Da Manacòr con tennis animalesco, grinta da guerriero e gambe da felino: Montecarlo è sua.
MONACO, 16 APRILE 2005 - Un paio di domeniche fa, conclusa la finale di Miami, alcuni giornalisti cercavano Rafael Nadal per strappargli qualche dichiarazione: ma non lo trovavano. Il maiorchino era su un campo secondario ad allenarsi, con la solita, feroce, applicazione. Piccolo particolare: aveva sulle gambe 5 set e 4 ore di gioco. Bene, io credo che il seme della vittoria monegasca di Nadal sia germogliato con quel furibondo allenamento avvenuto immediatamente dopo una brutta sconfitta.
Una pausa “fisiologica” al torneo di Valencia non
ha scalfito le certezze dello spagnolo, che a Monte-Carlo ha vinto il suo primo
Masters Series in carriera. E lo ha vinto a modo suo: di forza.

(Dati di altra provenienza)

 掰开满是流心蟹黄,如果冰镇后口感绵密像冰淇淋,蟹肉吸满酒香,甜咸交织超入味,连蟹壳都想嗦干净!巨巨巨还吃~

Perché è con la forza che il fenomenale spagnolo ha smontato la
resistenza del miglior Coria stagionale, in una partita che di fatto si è
giocata su pochi punti, vinti tutti dall’iberico. L’immagine-simbolo
di questa finale è stata una palla break per il santafesino nel nono
game del quarto set, palla break che probabilmente avrebbe prolungato il match
al quinto set. Coria ha infilato una serie di colpi che contro chiunque sarebbero
stati vincenti, ma Nadal li rimandava di là con la forza della rabbia.

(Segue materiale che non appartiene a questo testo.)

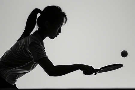 young beautiful and happy Asian Chinese woman playing table tennis with racket and ball at indoor tennis court in sport and healthy lifestyle concept

Come si è concluso lo scambio? Con un dritto in contropiede da orgasmo
agonistico.
Nadal è partito in sordina, cedendo il servizio nel game d’apertura, ma una volta prese le misure a Coria ha iniziato a macinare tennis, approfittando del nervosismo e dei troppi errori gratuiti dell’argentino, che non trovava di meglio che lamentarsi per la pioggerellina che cadeva sul centrale. Risultato? 6-3, 6-1, senza storia.
Poi Coria si è ricordato di essere “Mago”,
e nel terzo parziale ha rifilato un cappotto a Nadal, riempiendolo di palle
alte e senza peso sul suo colpo meno incisivo, il rovescio.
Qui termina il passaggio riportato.